AIM OF THE EXERCISE:
Your task is to copy each line of the listing that contains the word "чтобы".

DATA FOR REVIEW:
_ _ _ _ _ _ _
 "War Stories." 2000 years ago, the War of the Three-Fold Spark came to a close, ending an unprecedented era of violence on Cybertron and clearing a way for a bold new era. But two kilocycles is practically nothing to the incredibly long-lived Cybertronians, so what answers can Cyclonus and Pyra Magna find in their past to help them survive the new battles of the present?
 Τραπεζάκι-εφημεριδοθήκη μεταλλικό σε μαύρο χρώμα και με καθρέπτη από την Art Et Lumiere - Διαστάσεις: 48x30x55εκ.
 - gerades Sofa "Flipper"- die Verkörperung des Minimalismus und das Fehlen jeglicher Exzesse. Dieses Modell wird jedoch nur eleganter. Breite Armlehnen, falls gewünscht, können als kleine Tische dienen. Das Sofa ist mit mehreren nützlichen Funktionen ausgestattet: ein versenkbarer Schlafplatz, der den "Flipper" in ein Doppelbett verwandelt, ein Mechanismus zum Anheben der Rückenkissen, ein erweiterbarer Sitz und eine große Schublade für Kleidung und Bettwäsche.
_ _ _ _ _ _ _
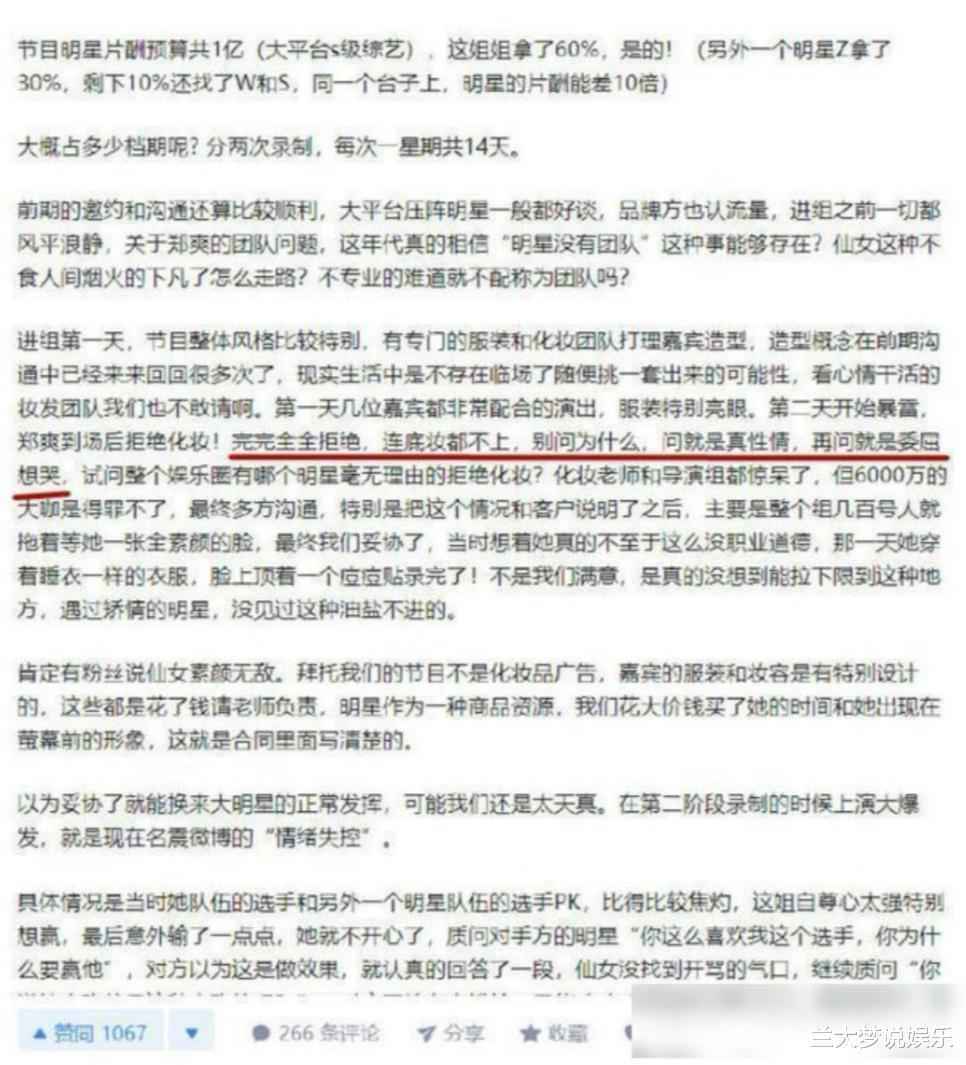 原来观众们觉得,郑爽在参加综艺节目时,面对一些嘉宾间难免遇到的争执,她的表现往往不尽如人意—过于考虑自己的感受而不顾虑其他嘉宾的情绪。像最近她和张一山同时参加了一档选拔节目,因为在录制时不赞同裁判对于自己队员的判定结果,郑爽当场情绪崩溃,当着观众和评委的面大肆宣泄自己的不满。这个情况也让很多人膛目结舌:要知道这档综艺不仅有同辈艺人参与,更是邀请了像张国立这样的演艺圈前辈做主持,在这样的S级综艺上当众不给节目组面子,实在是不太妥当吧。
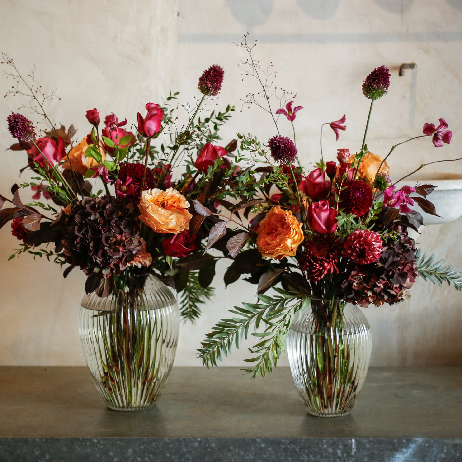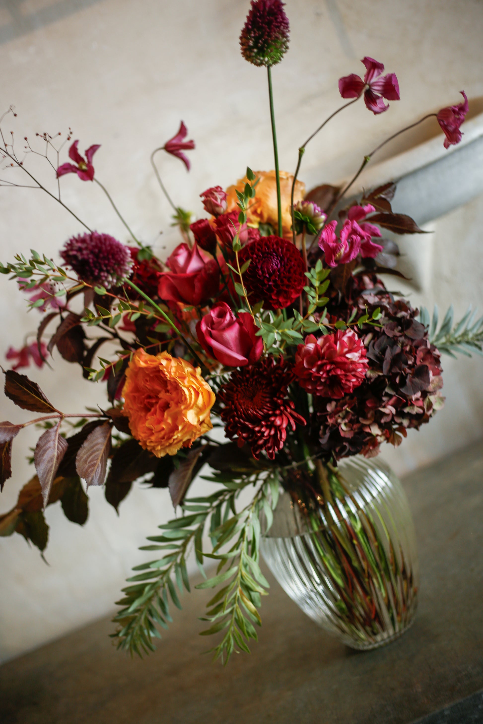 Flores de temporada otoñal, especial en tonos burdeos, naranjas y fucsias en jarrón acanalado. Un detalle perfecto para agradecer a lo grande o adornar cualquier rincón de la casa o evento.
_ _ _ _ _ _ _
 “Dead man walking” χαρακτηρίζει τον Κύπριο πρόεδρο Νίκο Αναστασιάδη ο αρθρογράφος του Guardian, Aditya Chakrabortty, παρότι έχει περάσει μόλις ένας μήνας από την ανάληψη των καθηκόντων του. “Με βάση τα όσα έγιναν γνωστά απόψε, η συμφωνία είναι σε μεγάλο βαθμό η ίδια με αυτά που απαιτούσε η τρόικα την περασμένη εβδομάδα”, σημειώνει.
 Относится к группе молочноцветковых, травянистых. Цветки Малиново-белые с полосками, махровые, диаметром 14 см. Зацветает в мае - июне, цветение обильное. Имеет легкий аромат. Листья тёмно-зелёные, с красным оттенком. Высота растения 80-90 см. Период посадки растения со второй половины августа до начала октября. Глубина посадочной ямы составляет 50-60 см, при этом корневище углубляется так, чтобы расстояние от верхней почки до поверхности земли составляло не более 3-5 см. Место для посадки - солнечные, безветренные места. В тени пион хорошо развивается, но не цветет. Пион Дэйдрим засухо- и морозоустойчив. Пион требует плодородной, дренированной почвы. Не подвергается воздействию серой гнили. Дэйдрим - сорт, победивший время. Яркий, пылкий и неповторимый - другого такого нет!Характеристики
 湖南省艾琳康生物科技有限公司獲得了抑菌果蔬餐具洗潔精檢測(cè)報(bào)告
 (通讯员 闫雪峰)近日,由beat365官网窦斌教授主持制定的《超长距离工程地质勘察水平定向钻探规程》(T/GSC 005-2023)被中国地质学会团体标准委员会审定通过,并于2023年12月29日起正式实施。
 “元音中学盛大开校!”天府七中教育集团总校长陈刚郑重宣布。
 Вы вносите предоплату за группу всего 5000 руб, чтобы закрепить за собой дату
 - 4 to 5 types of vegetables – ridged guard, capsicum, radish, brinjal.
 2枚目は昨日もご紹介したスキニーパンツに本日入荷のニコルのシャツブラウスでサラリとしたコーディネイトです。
_ _ _ _ _ _ _
SOLUTION TO THIS TASK:
 Относится к группе молочноцветковых, травянистых. Цветки Малиново-белые с полосками, махровые, диаметром 14 см. Зацветает в мае - июне, цветение обильное. Имеет легкий аромат. Листья тёмно-зелёные, с красным оттенком. Высота растения 80-90 см. Период посадки растения со второй половины августа до начала октября. Глубина посадочной ямы составляет 50-60 см, при этом корневище углубляется так, чтобы расстояние от верхней почки до поверхности земли составляло не более 3-5 см. Место для посадки - солнечные, безветренные места. В тени пион хорошо развивается, но не цветет. Пион Дэйдрим засухо- и морозоустойчив. Пион требует плодородной, дренированной почвы. Не подвергается воздействию серой гнили. Дэйдрим - сорт, победивший время. Яркий, пылкий и неповторимый - другого такого нет!Характеристики
 Вы вносите предоплату за группу всего 5000 руб, чтобы закрепить за собой дату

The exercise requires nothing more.